Recall the metaphor of the nuclear power plant and the flashlight. You can only remove the flashlight and directly convert nuclear to electricity once. This intuition mostly holds for low-level instruction optimization. It may be the case that a better software engineer can write a slightly faster instruction set than a junior engineer for the same machine learning operation. But the gap between the two is miniscule compared to the gap between the junior engineer and an auto-generated instruction set.

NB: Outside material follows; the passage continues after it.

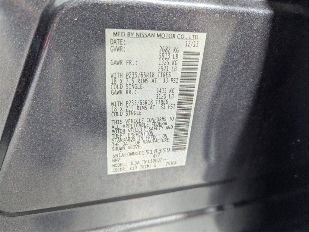 2014 INFINITI QX60 3.5L V6 FWD Sport-Tuned CVT 20/26 City/Highway MPG

A feature of CUDA optimization is that it is typically hyper-specific to individual machine learning kernels. This is a double edged sword: research and development efforts concentrate on experimenting using functions that have optimized instruction sets and (relatively) neglects those that do not. This incentivizes an iterative model of optimization, and means that if a model requiring new functions is adopted, there will be some time until it reaches the level of CUDA optimization of incumbent models.

Parallelization and Resource Constraints

The first obvious consequence of parallelization is that in many cases*, the amount of computation occurs, but is simply distributed over more hardware. Moreover, data transfer time represents a nontrivial amount of time and electricity consumption, so more aggregate energy/time-device is being spent. Historically, resource constraints have not posed a significant limitation on the scaling that can be done through parallelization, at least for top research organizations. Instead talent, or more specifically the ability to separate processes within machine learning networks was the constraint. This is about to change.

[*It is true that there are cases where parallelization is done in a way which makes the overall algorithm more efficient, such as sparse matrix multiplication. However, this is primarily done at the algorithmic rather than hardware level. I will likely discuss this in more detail in the second article. ]

Semianalysis once again has an estimate for the costs of further scaling up models:

Regarding parameter counts growth, the industry is already reaching the limits for current hardware with dense models—a 1 trillion parameter model costs ~$300 million to train. With 100,000 A100s across 12,500 HGX / DGX systems, this would take about ~3 months to train. This is certainly within the realm of feasibility with current hardware for the largest tech companies. The cluster hardware costs would be a few billion dollars, which fits within the datacenter Capex budgets of titans like Meta, Microsoft, Amazon, Oracle, Google, Baidu, Tencent, and Alibaba.

Another order of magnitude scaling would take us to 10 trillion parameters. The training costs using hourly rates would scale to ~$30 billion. Even with 1 million A100s across 125,000 HGX / DGX systems, training this model would take over two years.

They later raise correctly that improvements to model architecture can make training more efficient and push out this boundary. However, this is nonetheless an example of an avenue for unconstrained growth turning into a tradeoff.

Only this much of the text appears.